I imagine your mom saying in the background ‘if you do something do it well’, when you say you reached for that 100% while greening the restaurants. It is empathetic of you to keep the culture and language in mind while certifying these minority restaurants. I think the goodness in you made those people have that leap of faith in you. This non-profit you mention, is it the Thimmakka’s Resources for Environmental Education?
Vasu: Yes it was Thimmakka’s Resources. When I came back to India, it showed me exactly how much corruption there is in India. I used to respect Thimmakka, I used to think of her as a hero, now she is not even an average person. This person is a greedy person, they came after me because they assumed that the million dollars that I raised for the environment that I have kept for myself. They don’t know that according to the law of United States IRS that I cannot keep even a penny for my own use. They are so crooked, these people, they believe that there must be two sets of books, one that she shows and one that she has on the side. They came after me, the state of Karnataka put me in prison. They broke law after law after law in getting after me. They said “If you don’t give us money, we would put you in jail.” Which is exactly what they did. It wasn’t led by Thimmakka but she was definitely a part of it. She went publicly and said that I have cheated her and broke a huge amount of laws to prosecute me on a state level. The media in India and the state of Karnataka in India are all colluded to make this corruption, the threat and this prosecution happen.
That sounds so scary. Whatever you do, it seems, you are always going to face challenges and I commend you for standing your ground and not giving in to such things. Is it difficult to use comedy to raise awareness about environmental issues? After all, there’s some politics involved in that as well. I personally get so serious sometimes, I wish I could be funny too. I’ve seen George Carlin and Louis C K do that and it is amazing how comedy puts forth the harshest of truths without spreading negativity.
Vasu: Thank you. I lost 10 Kgs in 1 day, and wasn’t able to think for 3 months. Went through PTSD. Yes, it is difficult to do jokes about the environment because the rule of comedy is that you have to make jokes about things that are popular. That’s relatable, that’s what the best comedy is about. Talking about and do sets on the environment, about diversity, about gender equality, these are the things people don’t even talk about. These are negative subjects. You talk about people getting quiet, they get on their defences, they get offended easily. So, to make jokes about that and I do jokes about these and I get applauded to that level and I said I have to pick up my socks as an artist, pick myself up by my bootstraps to improve the artist I am. The first 6 times I did environmental jokes it went flat. By the third time, the comedian will say this joke is not working I need to stop using it but I said no I need to stick with it because this is the message I need to give and I need to be become a better artist to be able to deliver this level of message.

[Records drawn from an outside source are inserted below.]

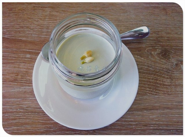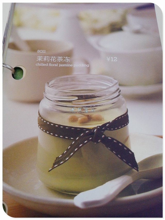 茉莉花冻茶,其实就是抹茶布丁,上面点缀着两粒茉莉花苞,和上面的芒果冻布丁属于一个系列,比芒果冻布丁甜度低得多,而且抹茶的味道相当不错。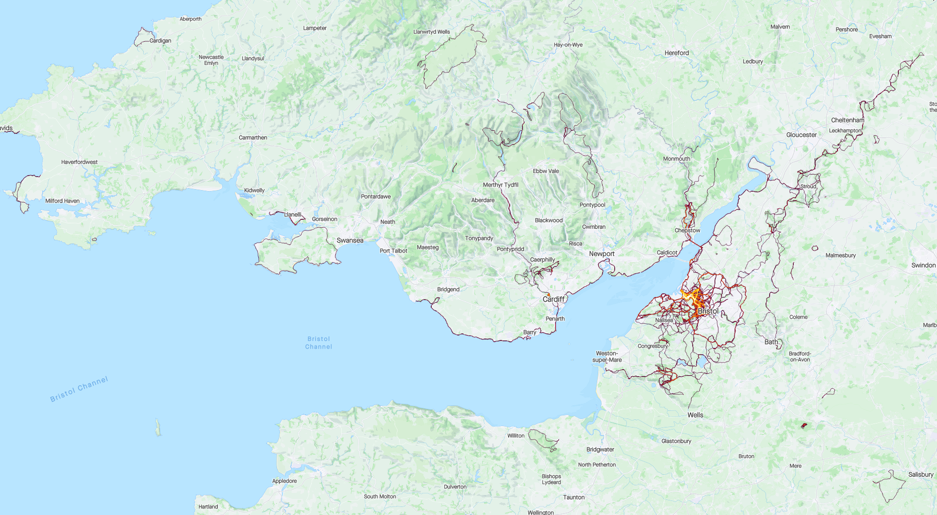 - Do more of the Wales Coastal Path: you can see on the heatmap I've made it from Chepstow to Porthcawl, I'd like to cover at least the whole south coast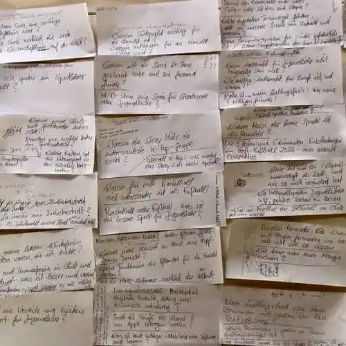 Ahora muestra un cartel o una presentación digital del año anterior. Después, vuelve rápidamente a los trozos de papel. Lee algunas sugerencias de forma anónima. ¿Es un tema interesante, es ya una pregunta concreta? ¿Qué otras cuestiones concretas son concebibles? ¿Es posible responder a esta pregunta en 5 minutos, qué opinas?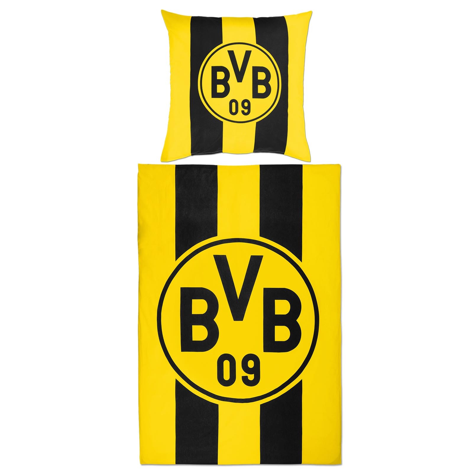 Voici une housse de couette et une taie d’oreiller officielles du Borussia Dortmund pour lit une personne. La couette et l’oreiller reprennent les couleurs du club et sont ornés du logo du Borussia Dortmund. La housse de couette est noire avec des rayures jaunes et arbore le blason du Borussia Dortmund. La taie d’oreiller mesure 80 x 80 cm et la housse de couette mesure 135 x 200 cm. Il s’agit d’un ensemble pour lit une personne. Parfait pour les véritables supporters du Borussia Dortmund ! Le set est livré dans un sac spécial du club allemand.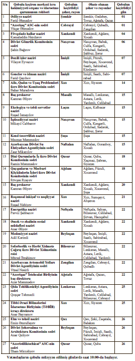 Mərkəzi icra hakimiyyəti orqanlarının və digər idarəetmə qurumlarının rəhbərləri tərəfindən 2026-cı ilin may ayında şəhər və rayonlarda keçiriləcək vətəndaşların qəbulu cədvəli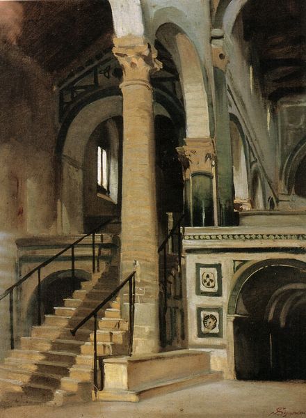 Editor: This painting, "Glimpse of the Monastery of Florence" by Vincenzo Abbati, looks like an oil painting and presents an architectural view. I am struck by the contrast between light and shadow and the figure of the monk seemingly absorbed in reading. What can you tell me about it? Curator: Well, the choice of subject is interesting. It invites reflection on power structures, right? Monasteries, historically, were centers of knowledge and influence, but also exclusion. Who had access to that knowledge? Whose voices were silenced within those walls? And this lone figure – is he empowered by his access to scripture, or is he trapped within a system? Editor: That's interesting, I had not considered the role of knowledge. Are you suggesting that Abbati is critiquing the Church? Curator: Not necessarily, but consider the socio-political climate. The painting offers us a visual window into a very particular space, inviting contemplation not just of the scene but of its relationship to the broader societal structures of the time. And notice the light—how it falls unevenly, illuminating some areas while obscuring others. Who is in the light? Who remains in the dark? Editor: That makes me see the painting in a different way. The monk being partially obscured in shadow now carries new weight. Curator: Exactly. And what does it mean to glimpse a monastery, rather than see it fully? What does it hide from our sight and what is revealed to us? Editor: This has really made me reconsider how the context of a painting changes how we see the image. Thank you. Curator: My pleasure. It is exciting to discuss how history and societal powers affect even this 'simple' scene.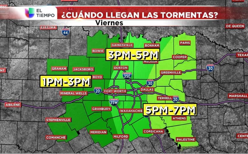 Entre 3pm al oeste del Metroplex hasta la media noche en el este de nuestra área.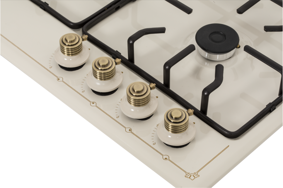 поверхность газовая, 60 см, газ на эмали, 4 конфорки, решетки чугунные, бежевый

I’m sorry to hear about your PTSD. I can’t imagine.
Vasu: Yes. They made my mother cry. My father was 93 at the time. Imagine what they went through. And all because there is a veneer of democracy in India. Power runs the law. Not honesty, or justice. All you need to do is make associations with powerful people and even the most crooked people can bend the law to bully good people.

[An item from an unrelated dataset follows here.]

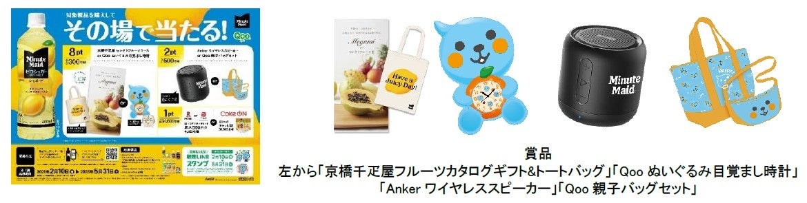 キャンペーン第1弾では、「ミニッツメイド」、「Qoo」オリジナルアイテムや、500円分のデジタルポイントなどが合計35,500名様に当たります。また、購入者全員にオリジナルデザインLINEスタンプを配布します。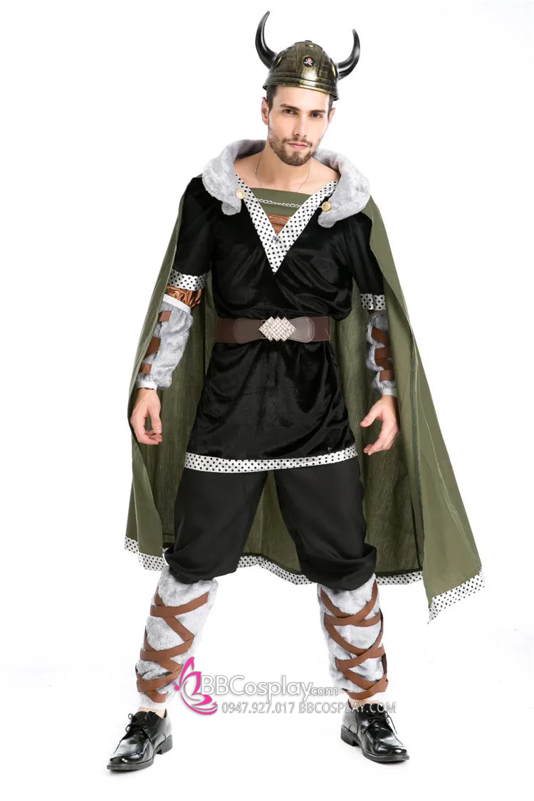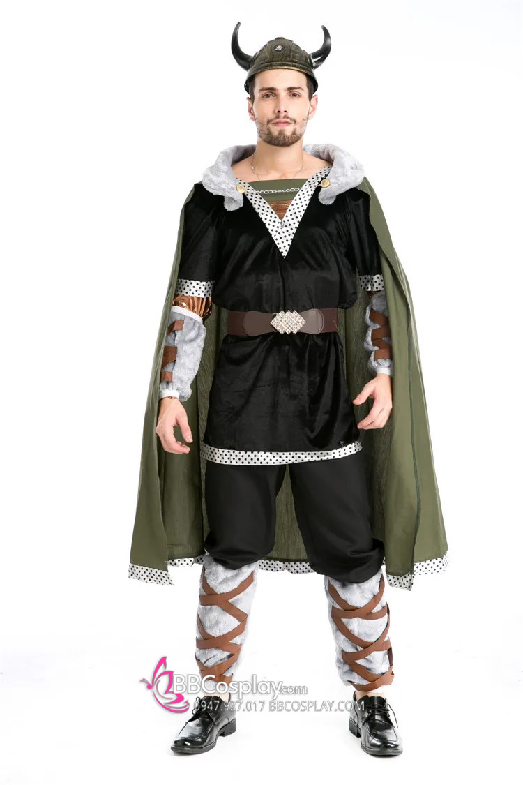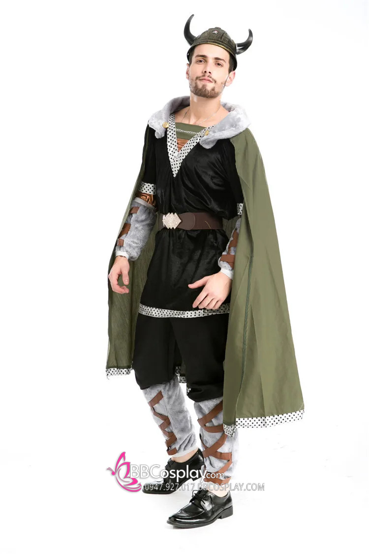 Thành phần: áo choàng xanh rêu viền lông + áo trong + quần + thắt lưng đính đá + 2 băng tay + 2 băng chân + nón viking sừng trắng

When did you became the green comedian? Did green come first and comedian later?
Vasu: Green first, comedian second.
One of your standups is about solid waste. (Video link here.) According to Jambeck, lead author of a 2015 study and a researcher at University of Georgia in the US, “The top 20 countries, including India, account for 83% of all the mismanaged waste available to enter the ocean”. What do you think about the Swachh Bharat Abhiyan?
Vasu: I actually have seen absolutely no results in the Swachh Bharat Abhiyan other than a host of marketing everywhere. I have no respect for where I don’t see results. So far, it seems to me and a lot of Indians to be a whole lot of hype.
You’ve formed a Facebook group Delhi Blue Skies to do something about Delhi’s air pollution. How’s that going?
Vasu: I’m just sitting with some slums people to do some passive solar for them. I’ve made one video on indoor air quality plants so I’m starting with me. Got 90 indoor air quality plants and getting them ready for my house. Got a solar audit done for my house and see how many houses I can get under the solar renewable purview. Also designing passive solar for slums because I was thinking of class and there is no reason why poor people can’t have solar systems as well. I’ll start with passive solar and then look for CSR funds to do active solar for slums. Then I’m going to make a video, I just did a brief survey in Delhi on efficient driving and found that 95% of the vehicles that I surveyed get mileage less than what the manufacturer claims. Mine is the highest in the group even though my car is a 2010. If everyone was to drive the way I do, they would save an average 53% on their fuel cost and emissions. Which is great if buses, trucks, Uber and Ola, they all do it, they are going to make a substantial difference on transport emissions in Delhi.
Could you please elaborate on how is it that you drive that would save an average 53% on the fuel cost and emissions.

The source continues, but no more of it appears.